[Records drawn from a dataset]
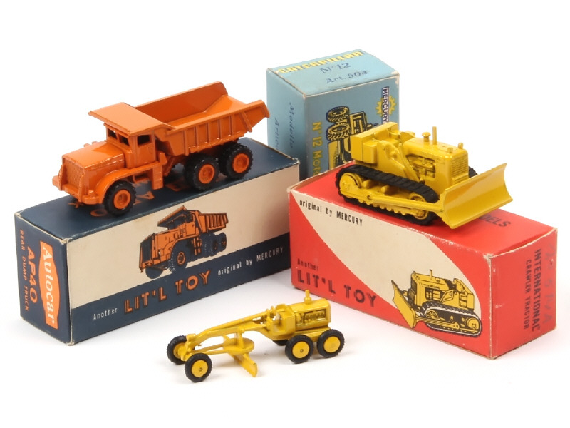 série 'LIT'L TOY' - comprend : AUTOCAR AP40 dumper, INTERNATIONNAL bulldozer & CATERPILLAR grader
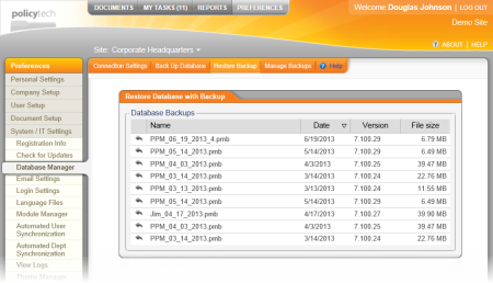 - To restore a backup that you've downloaded to a local drive, you must upload it back into PolicyTech first. See Managing Backups.
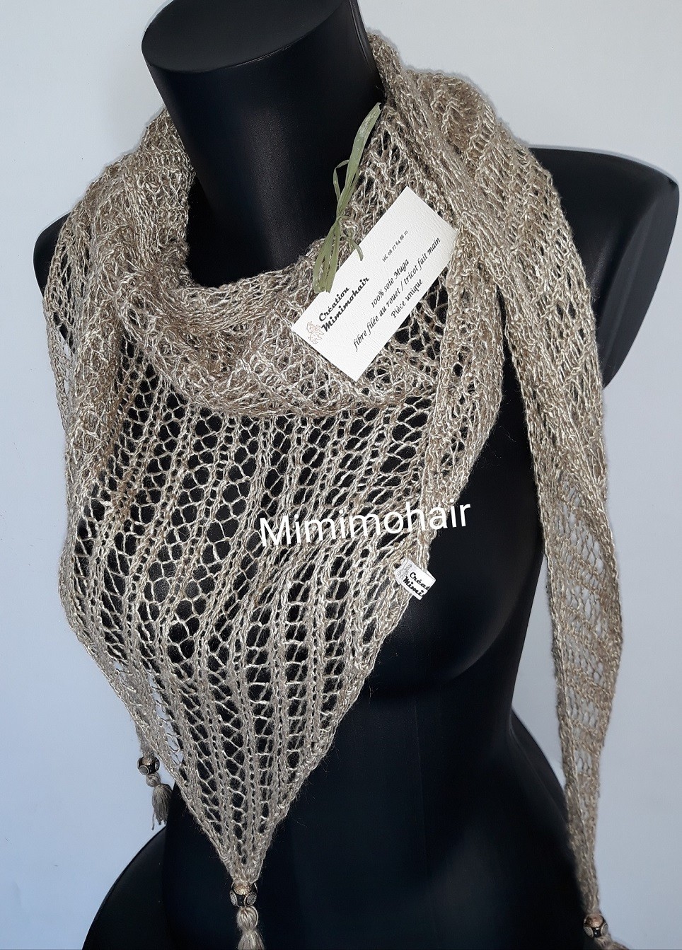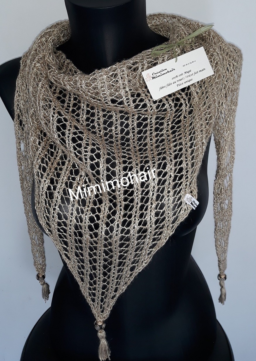 Chèche 100% soie Muga (Inde) filée au rouet, couleur naturelle
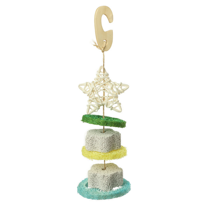Игрушка для птиц "Звезда с дольками" выполнена в виде подвески из натуральных материалов: ротанга, долек люфы и пемзы. Пемза прекрасно подходит для природного стачивания клюва и когтей птицы. Крепление: деревянный крючок. Цвет: белый. Размер: 175/230*d60мм.
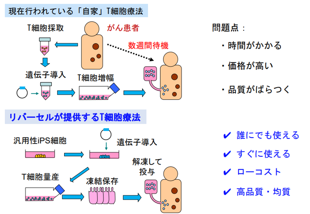 リバーセル株式会社(以下、リバーセル)は、iPS細胞から、「がん細胞」や「ウイルス感染細胞」を選択的に見つけ出して攻撃するキラーT細胞を作成し、現在の標準治療では有効な手段がなく、未だ治療法のない患者群に「他家免疫細胞療法」という新しい治療法を提供することが特徴です。
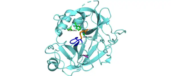 ![]() The non-canonical conformation of Factor D is inhibited by the self-inhibitory loop (blue). The Asp-Arg salt bridge (purple and orange side chains, respectively) stabilizes the self-inhibitory loop. The catalytic triad is shown in green.[13] |
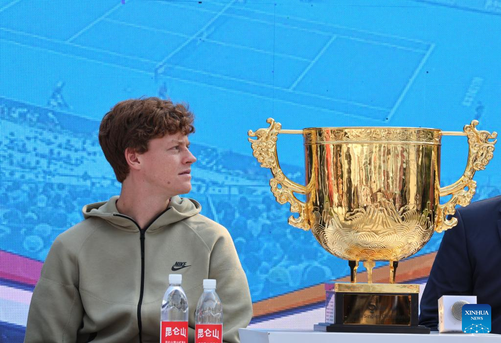 BEIJING, 24 septiembre, 2024 (Xinhua) -- Jannik Sinner, de Italia, asiste al sorteo de individuales masculinos del torneo de tenis Abierto de China 2024, en Beijing, capital de China, el 24 de septiembre de 2024. (Xinhua/Zhang Chen)
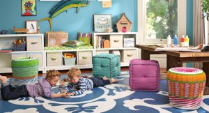Du kan også bruke spesielle møbler til barnehage for gutter og jenter. Dette er romslige ottomaner, sofaer, sofaer med hengslede lokk. Laget i en stilløsning, vil de lette oppgaven med å lagre forskjellige barns ting.
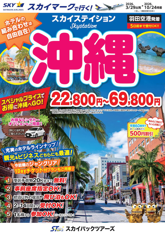 スカイパックツアーズ株式会社は、スカイマークを利用した価格固定型のパンフレット旅行商品「スカイステイション 沖縄」【羽田空港発着】(2026年3月29日出発~2026年10月24日帰着)の販売を開始します。スカイマークだけを取り扱う専売店だからできるスペシャルプライス!早めのご予約がお得です。

• Problem statement:
Reproduce only the lines of the records from the start up to and including the line that holds "リバーセル株式会社(以下、リ"; do not carry over any picture.

• Exercise answer:
 série 'LIT'L TOY' - comprend : AUTOCAR AP40 dumper, INTERNATIONNAL bulldozer & CATERPILLAR grader
 - To restore a backup that you've downloaded to a local drive, you must upload it back into PolicyTech first. See Managing Backups.
 Chèche 100% soie Muga (Inde) filée au rouet, couleur naturelle
Игрушка для птиц "Звезда с дольками" выполнена в виде подвески из натуральных материалов: ротанга, долек люфы и пемзы. Пемза прекрасно подходит для природного стачивания клюва и когтей птицы. Крепление: деревянный крючок. Цвет: белый. Размер: 175/230*d60мм.
 リバーセル株式会社(以下、リバーセル)は、iPS細胞から、「がん細胞」や「ウイルス感染細胞」を選択的に見つけ出して攻撃するキラーT細胞を作成し、現在の標準治療では有効な手段がなく、未だ治療法のない患者群に「他家免疫細胞療法」という新しい治療法を提供することが特徴です。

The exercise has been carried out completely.